**Try it**
Retype all of the data word for word, without pictures.
Top of Collected material
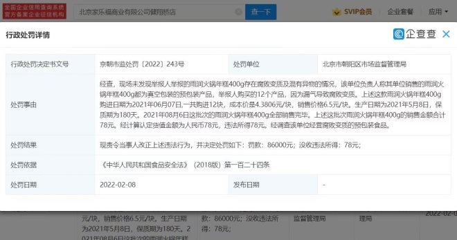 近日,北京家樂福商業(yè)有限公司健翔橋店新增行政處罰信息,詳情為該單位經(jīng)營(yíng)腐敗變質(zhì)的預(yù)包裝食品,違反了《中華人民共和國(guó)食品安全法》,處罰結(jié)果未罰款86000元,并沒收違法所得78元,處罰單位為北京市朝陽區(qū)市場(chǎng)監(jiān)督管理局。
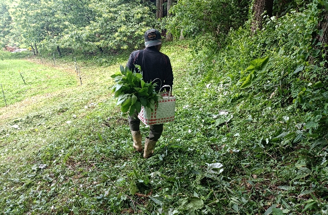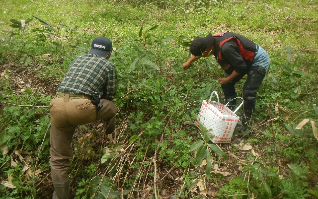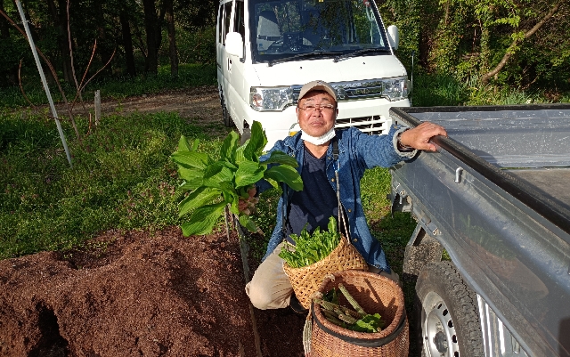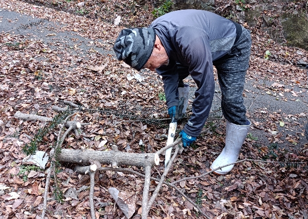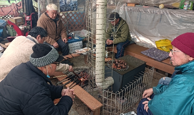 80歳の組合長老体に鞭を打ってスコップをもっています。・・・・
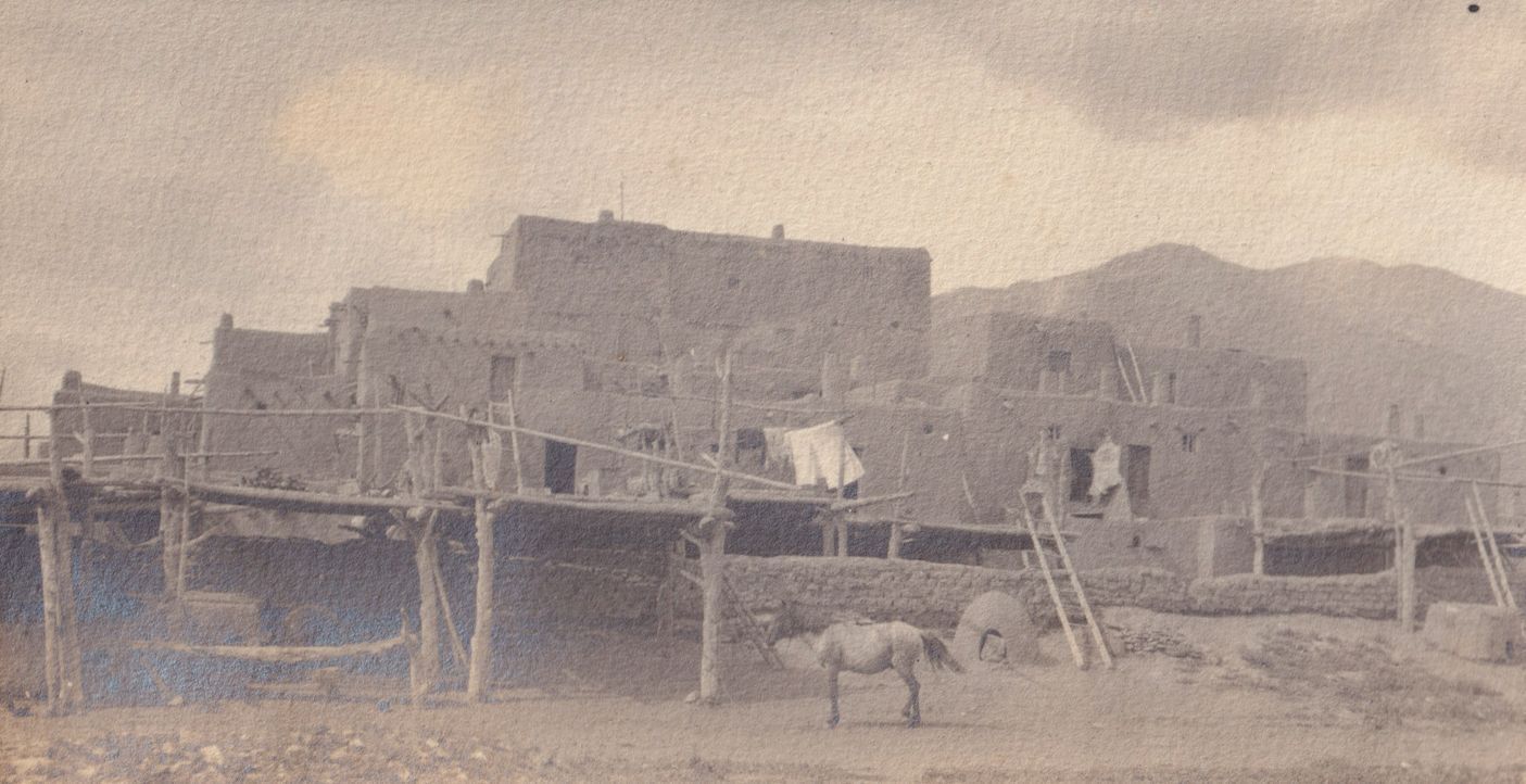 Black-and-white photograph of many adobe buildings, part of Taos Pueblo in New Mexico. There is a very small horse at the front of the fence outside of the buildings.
Bottom of Collected material
**Task result**
 近日,北京家樂福商業(yè)有限公司健翔橋店新增行政處罰信息,詳情為該單位經(jīng)營(yíng)腐敗變質(zhì)的預(yù)包裝食品,違反了《中華人民共和國(guó)食品安全法》,處罰結(jié)果未罰款86000元,并沒收違法所得78元,處罰單位為北京市朝陽區(qū)市場(chǎng)監(jiān)督管理局。
 80歳の組合長老体に鞭を打ってスコップをもっています。・・・・
 Black-and-white photograph of many adobe buildings, part of Taos Pueblo in New Mexico. There is a very small horse at the front of the fence outside of the buildings.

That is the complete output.